The comparisons of extra-intestinal manifestations in BD patients with lower GI ulcer(s) and without GI lesion revealed that no ocular lesions, lower levels of albumin, erythrocyte count and hemoglobin, and higher levels of CRP and ESR were confirmed in the entero-BD group. No statistical difference was found between two groups in age, duration of BD, the presence of genital ulcer, uveitis, dermatological lesions, and joint pain, or pathergy test (Table 2).

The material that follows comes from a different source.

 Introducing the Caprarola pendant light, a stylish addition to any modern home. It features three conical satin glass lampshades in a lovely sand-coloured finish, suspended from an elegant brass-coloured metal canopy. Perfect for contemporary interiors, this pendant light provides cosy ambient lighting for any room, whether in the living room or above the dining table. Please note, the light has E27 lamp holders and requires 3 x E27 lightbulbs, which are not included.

|BD with lower GI ulcer (n = 20)||BD without GI lesion (n = 96)||P value|
|Age at diagnosis of intestinal BD (yr)||34.65 ± 14.59||33.63 ± 11.50||0.77|
|Male (%)||8 (40)||53 (55.2)||-|
|Duration (mo)||104.30 ± 125.44||88.05 ± 70.13||0.58|
|Oral ulcer||20 (100)||96 (100)||1.00|
|Genital ulcer||16 (80)||69 (72)||0.46|
|Ocular lesion||0 (0)||27 (28)||< 0.01a|
|Skin lesion||15 (75)||62 (65)||0.36|
|Arthralgia||3 (15)||30 (31)||0.10|
|Epididymitis||0 (0)||1 (1)||0.65|
|Pathergy test||4 (20)||20 (21)||0.95|
|Vasculitis||0 (0)||2 (2)||0.52|
|Central nerve system||0 (0)||1 (1)||0.65|
|Laboratory findings at diagnosis|
|CRP (mg/L)||30.34 ± 30.62||12.41 ± 9.18||0.02a|
|ESR (mm/h)||36.75 ± 22.65||24.04 ± 23.50||0.03a|
|Albumin (g/L)||38.70 ± 4.00||42.71 ± 6.12||< 0.01a|
|WBC (109/L)||7.00 ± 2.78||7.46 ± 2.69||0.49|
|RBC (1012/L)||4.13 ± 0.46||4.62 ± 0.64||0.02a|
|Hemoglobin (g/L)||117.47 ± 15.11||137.81 ± 18.29||< 0.01a|
|Platelets (109/L)||249.65 ± 92.49||240.54 ± 73.60||0.63|
One patient (patient 10, with a single ileocecal ulcer) presenting with sudden onset of a high-grade fever up to 39-40 °C and severe abdominal pain was diagnosed with BD associated with myelodysplastic syndrome (MDS), and chromosomal analysis revealed trisomy 8.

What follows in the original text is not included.